I did 2 different stop motions, one for the stop motion with 3 people in and one for the stop motions with one person in.

Monday 4 April 2011

Shooting stop motion.... Part one.

I have decided to shoot my stop motions in two parts, part one will be shooting the actual people and then I will shoot the stop motion backgrounds separately. This will make shooting the people a lot easier! It won't take such a long time which means the shoot will run smoother. To do this I will need to shoot the people with plain backgrounds which will be deleted, to make this work I need to make a make-shift green-screen.

I bought some very bright orange fabric which can be hung behind the people, I was originally going to shoot on plain white backgrounds but decided I would get white highlights on faces etc which would cause a problem...

The first shoot I did was with 3 guys sitting on a sofa...

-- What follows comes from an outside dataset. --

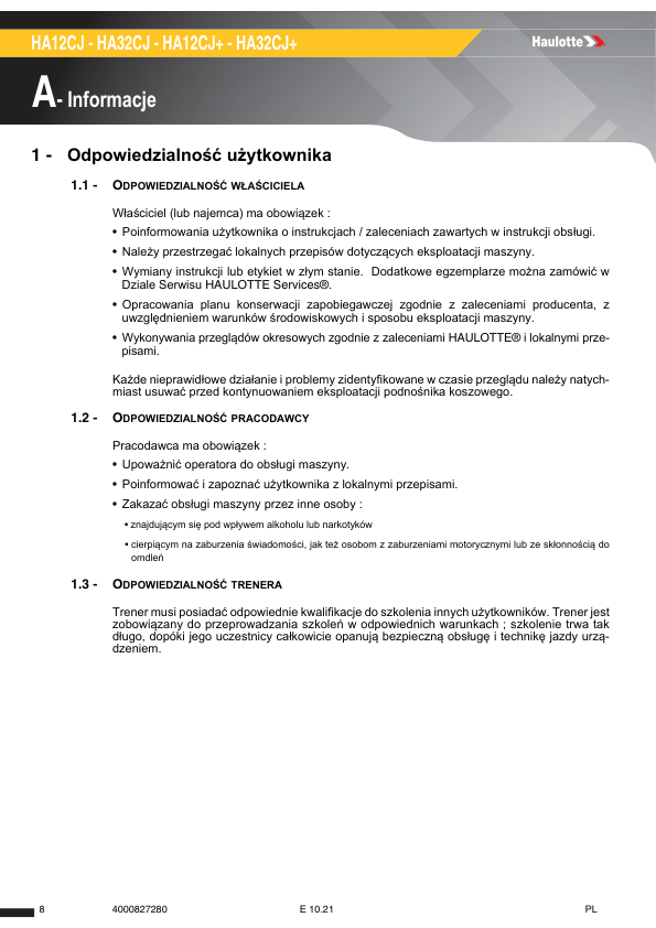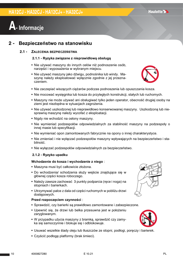 Haulotte HA12CJ HA32CJ HA12CJ PLUS HA32CJ PLUS Operators Manual PL

I lit the backdrop with lamps...

I then got the guys to keep swapping hats whilst I was taking photographs...
I then introduced sunglasses and kept swapping them...
and then gradually flowers until they built up all over them...
The whole idea of the film is to start gloomy and rainy with glum faces, then as the birds and flowers start to appear its all about how fun Meadowlands is!

The shoot took quite a long time, it actually took longer setting it all up than actually taking the photos, I made sure everything was ready to for when I started so the boys didn't move around a lot.

I had the same appraoch with my other 2 shoots.... I did one with Lolly and another with Jay.

I wanted to have a variety of people shown in the films. I am so glad I have finished the filming of the people for stop motions! I am sick of carrying round a shopping trolley full of fake flowers, birds, hats and sunglasses!

I then had to start on deleting all the orange backgrounds in the photographs. I did this using colour range in photoshop and using actions....

I did each set separately until I had transparent backgrounds.

I started with the normal photo...
Started to record an action. I then opened colour range and selected a part of the orange...
I had to turn the 'fuzziness' right down so it wouldn't pick up anything I didn't want it to, like oranges in the flowers or birds.Then hit delete! I did this a few times and then stopped recording.


I then ran a batch on the folder full of the images with orange backgrounds so I didn't have to repeat the process hundreds of times!
I had to run several actions as it still didn't pick up of all of the orange...

I then had to go through the pictures individually and erase smaller blemishes, for example in the photo below, the tape that was holding the fabric up was in shot!

This was probably the most time consuming bit of work I have ever done! Especially for 3 separate films! It took such a long time, even though colour range tool is good, I had to run so many actions to make it work with so many bright coloured flowers in shot too. EVENTUALLY i ended up with all shots of all sets with transparent backgrounds!

After a VERY long time on Photoshop and hundreds of folders of thousands of pictures, they are done!